The point in which this process differs from the old and unsuccessful ones formerly tried, is in the expulsion of the carbon disulphide. It was imagined that it was necessary to expel it by means of heat or steam. Now, when wool moist with bisulphide is heated, it invariably turns yellow. No heat must, therefore, be employed. As already remarked, the solvent is expelled with cold water.

The residue, after distillation of the carbon disulphide, is a grayish colored, very viscous oily matter, still retaining a little bisulphide, as may be perceived from the smell. It has not the composition of ordinary suint, inasmuch as it contains no carbonate of potash, and indeed little mineral matter of any kind. A sample which I analyzed lost in drying 36.2 per cent., the loss consisting of water and carbon disulphide. It gave a residue on ignition amounting only to 1.6 per cent. of the original fatty matter, or 2.5 per cent. of the dried fat. The oil appears, from some experiments which I made, to be a mixture of a glycerine salt and a cholesterine salt of fatty acids. It distills without much decomposition, giving a brown-yellow oil, which fluoresces strongly, and has a somewhat pungent smell. The molecular weight was determined by saponification with alcoholic potash, and subsequent titration of the excess of potash employed. This was found to equal 546.3. This would correspond to a mixture of 18.7 parts of stearate, palmitate, and oleate of glycerine, with 81.3 parts of the same acids combined with cholesteryl. But this is largely conjecture.

The boiling point of the oil is high, much above the range of a mercurial thermometer, so that it is difficult to gain an insight into its composition.

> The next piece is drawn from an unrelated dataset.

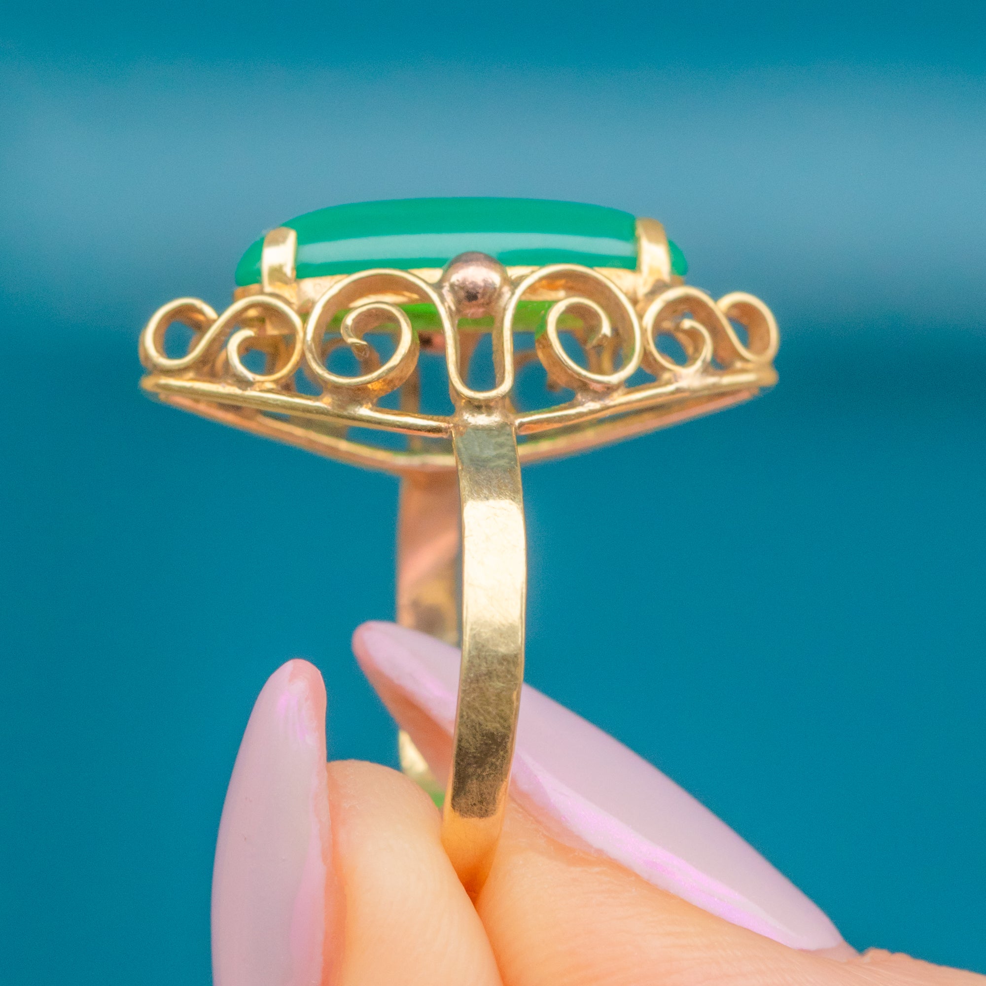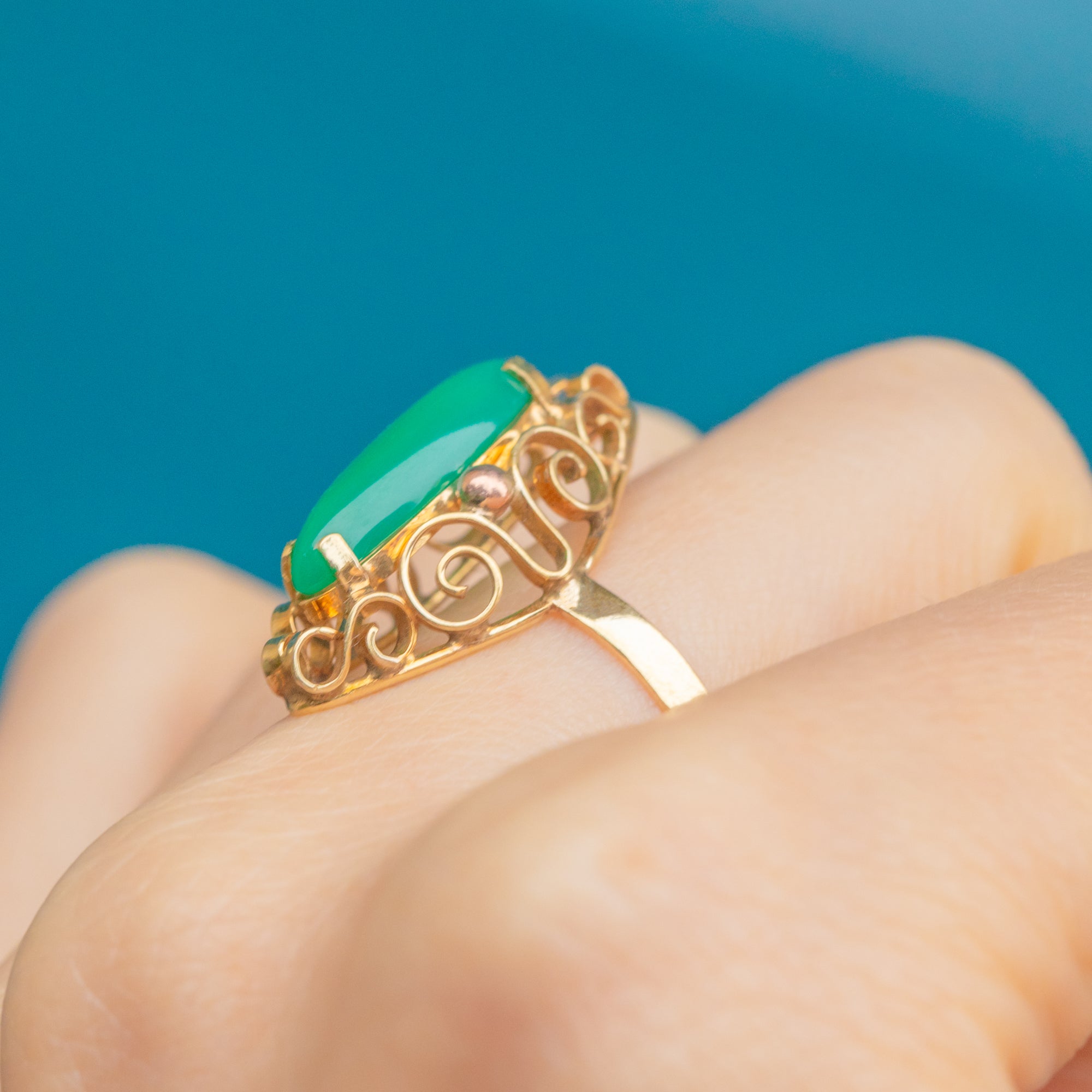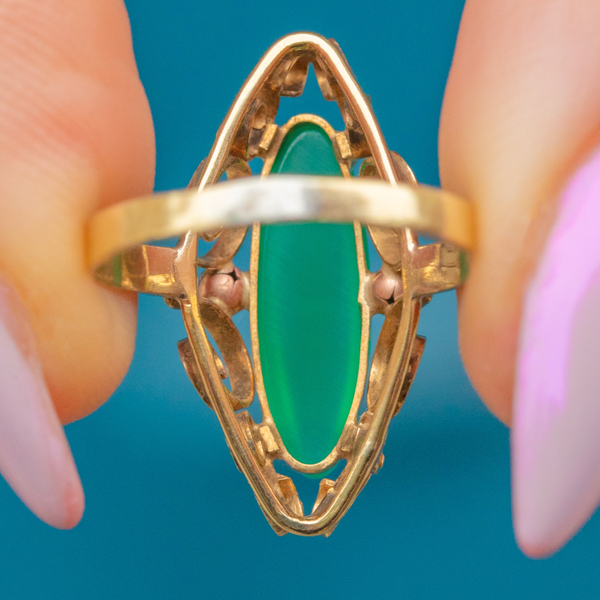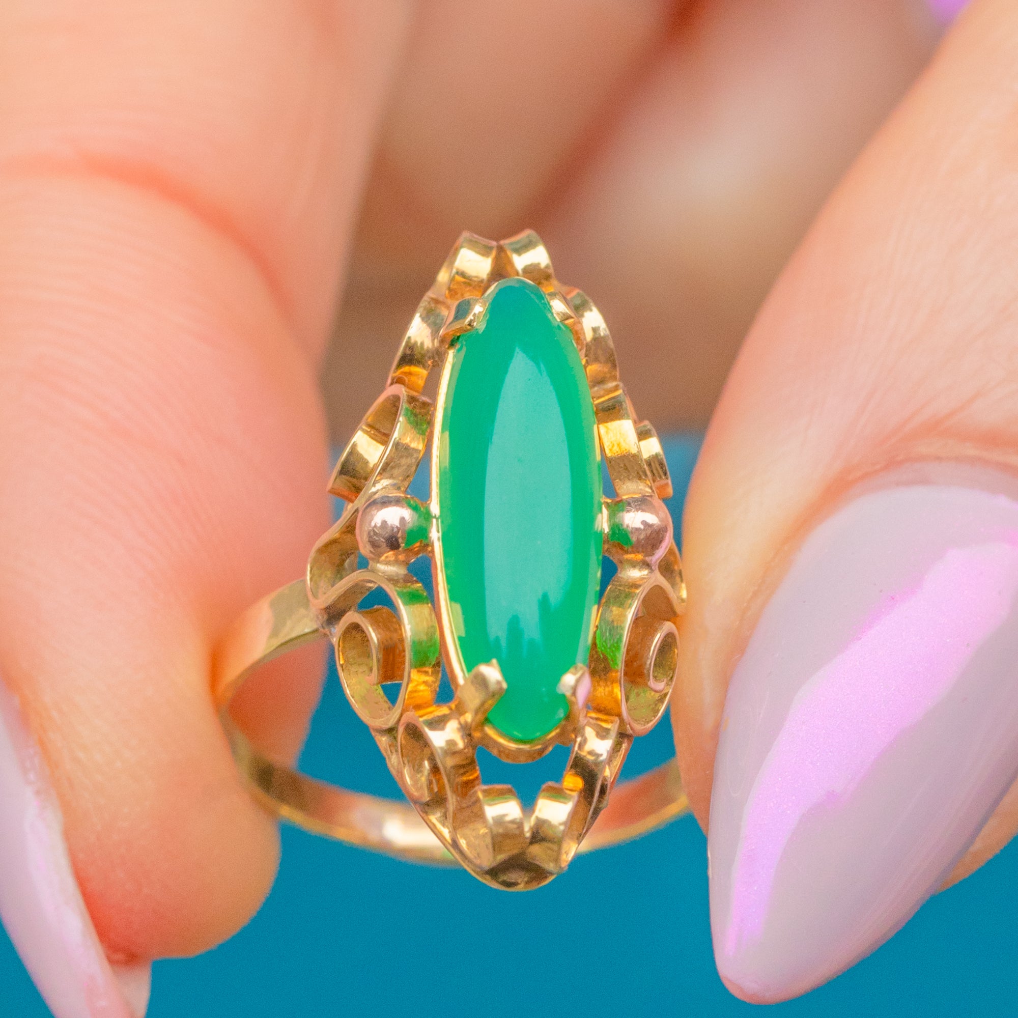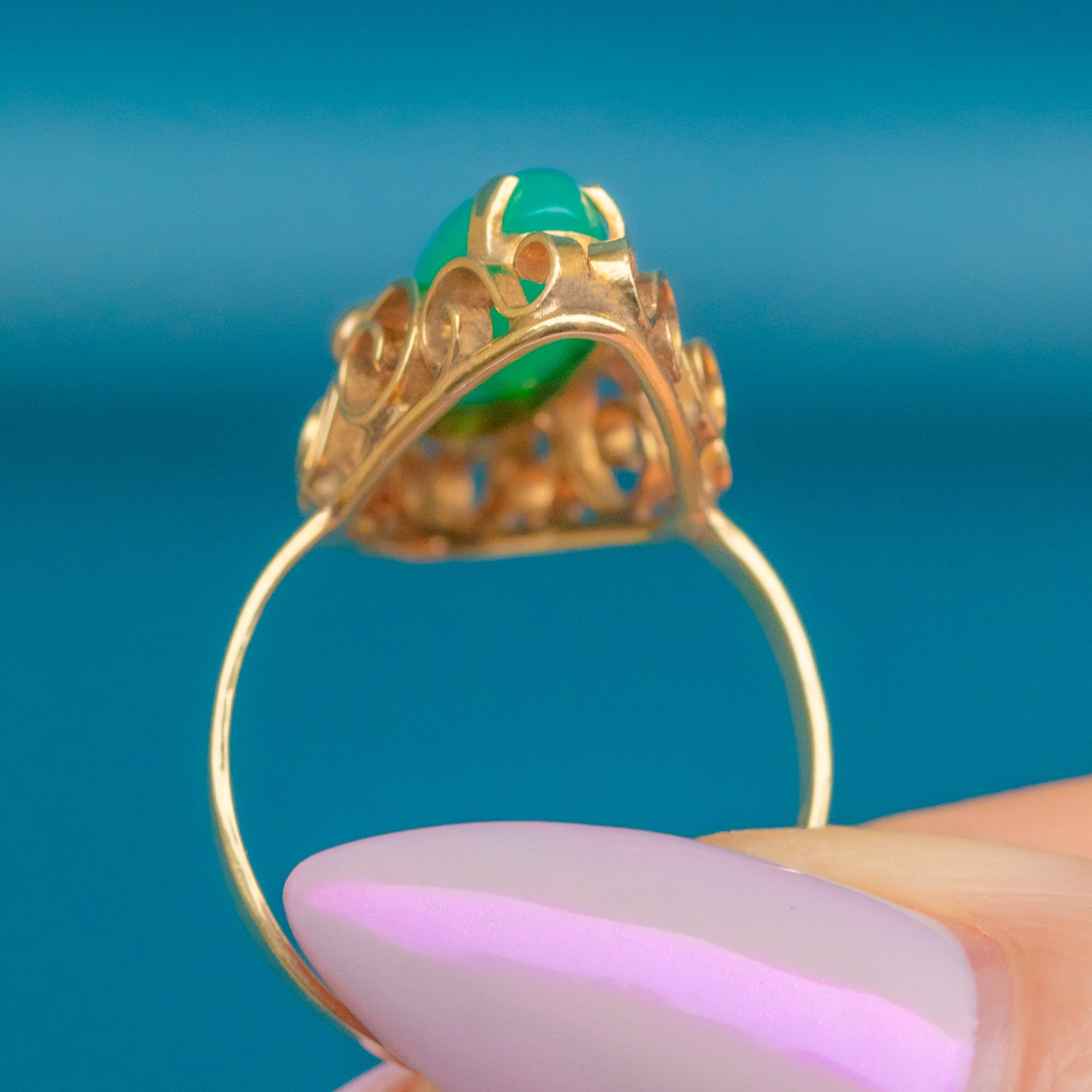EXCELLENT: The green Chalcedony is smooth, glossy and free from damage and glowing bright! The solid 14ct Gold band is well-shaped and polished  well with a gorgeous buttery yellow hue and no re-size marks or thinning to the band.

An objection which has been raised to this process is that the use of such an easily inflammable substance as bisulphide of carbon is attended by great risk of fire. Were the bisulphide to be exposed to free air, there might be force in this objection; but there is no reason why it should ever be removed from under a layer of water. The apparatus, to make all safe, should not be under the same roof as the mill; and no open fire need be used in the building set apart for it. It is easy to rotate the centrifugal machine by a belt from the mill, but better by a small engine attached, the power for which can be conducted by a small steam-pipe, and the distillation of the bisulphide can also be conducted without danger by the use of steam, as its boiling point is a very low one. The question may be naturally asked, "How do the wool and fabric made from the wool scoured by this process, compare with that scoured in the usual way?" To answer this question I may refer to a test made by Messrs. Isaac Holden & Co., at their works at Roubaix. A sample of wool was divided into two portions, one of which was scoured by the usual method, and the other by the turbine or Mullings' process. Skilled workers then span each sample to as fine a thread as possible.

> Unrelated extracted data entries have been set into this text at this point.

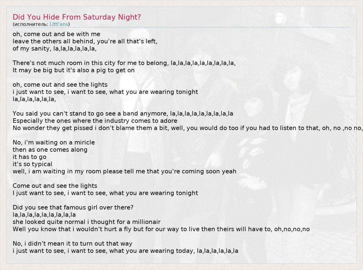 ГлавнаяИсполнителиLittl'ansDid You Hide From Saturday Night?
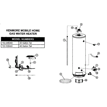 Parts for Kenmore 153.336444 (153336444, 153 336444): Water Heater Parts
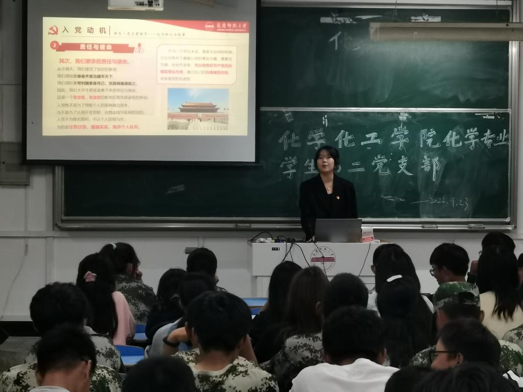 本次活动内容主要由“我为什么要入党、共产党员是一群什么样的人、怎样加入党组织”三部分组成。员工党员结合自身学习生活经历,讲述了公司师生在参加“我为群众办实事”系列党日活动等方面的积极贡献,引导同学们端正入党动机,激励同学们以实际行动早日加入中国共产党。员工党员以模范党员的典型事迹详细介绍了“共产党员是一群什么样的人”,向新生们展示了优秀共产党员坚定的理想信念和崇高的共产主义信仰。员工党员还从自身入党经历入手介绍了党员发展流程,指导新生撰写入党申请书,为正确迈出成为一名共产党员的第一步做好准备。
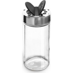Sklenená dóza na korenie vyrobená z kombinácie kvalitného skla a kovu, odolná proti poškodeniu a opotrebovaniu.
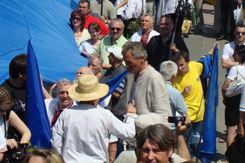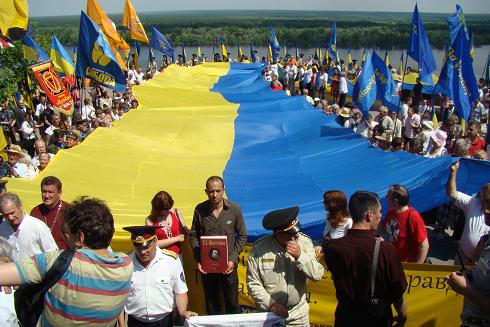 .jpg) Îïîçèö³ÿ ðîçãîðíóëà íàéá³ëüøèé ïðàïîð Óêðà¿íè

Now the thinness to which a wool can be spun is evidence of its power of cohesion--in other words, its strength. The weight of 1,000 meters of the wool cleaned by the new process bore to that scoured by the old process the proportion of 1,015 to 1,085, showing that a considerably finer thread had been produced. And in total quantity, 67.53 kilos. of the former corresponded to 71.77 kilos. of the latter, showing a proportionately less waste. Such fine yarn had never before been obtained from similar wool. The yarn of the soap-washed wool could not be spun, for it could not withstand the strain; whereas, that scoured by the new process gave an admirable thread.

Another test to which it was subjected may be cited. It is the custom in France, before the wool is scoured, to put it through a sorting process, by which all the short lengths are weeded out. On a quantity exceeding 11,000 kilogrammes, half of which was scoured by the turbine process, and half by the ordinary process, the former in scouring lost in weight 2 per cent. less than the latter, although the short length extracted from the moiety thus treated weighed only 10 kilogrammes, while that taken from the other weighed over 150 kilogrammes. This saving, even with the unequal treatment, amounted in value to from 30 to 40 centimes per kilogramme.

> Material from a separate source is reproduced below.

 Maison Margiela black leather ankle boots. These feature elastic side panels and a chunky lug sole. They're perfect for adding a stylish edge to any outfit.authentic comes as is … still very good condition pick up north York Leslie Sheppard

In order that the importance of this application may be realized, I shall conclude with some figures:

The raw wool imported into England, in the year 1882, amounted to 1,487,169 bales, its total value being about £22,000,000. The cost of washing this wool by the old process, with carbonate of soda, amounts to about ½d. per lb. of the raw material. The cost for the total quantity of wool imported is at least £1,214,000. But it is customary to wash wool with soap, especially for the combing trade, and the cost is then about 1d. per lb. The cost of scouring by the new process is about £1 5s. per ton, or 0.13d. per lb. Taking the least favorable comparison, were all the imported wool (home-grown wool is here left out of the calculation, for want of sufficient returns) cleansed by the turbine process, the actual saving would be £1,214,500 minus £315,700, or nearly £900,000 per annum.

It is thus seen that there is room for a very important economy in the treatment of wool. I have endeavored to show how economy may be practiced in scouring by the old process with soap, and how one dye stuff may be profitably recovered. It is to be hoped that means of extracting other dyes from the residue may soon follow. Unless the process were too costly to repay the trouble of extraction, it would be well worth practicing; for it would not merely be a solution of the problem of how to avoid waste, but would at the same time prevent the pollution of our streams, now, unfortunately, only too rarely pellucid; and were the last process to have as successful a future as I hope it may have, a very important saving of expense would result, and a large quantity of valuable fatty matter would no longer be thrown away.

SUGGESTIONS IN DECORATIVE ART.  DESIGNS FOR IRON GATES.

Suggestions In Decorative Art

DESIGNS FOR IRON GATES.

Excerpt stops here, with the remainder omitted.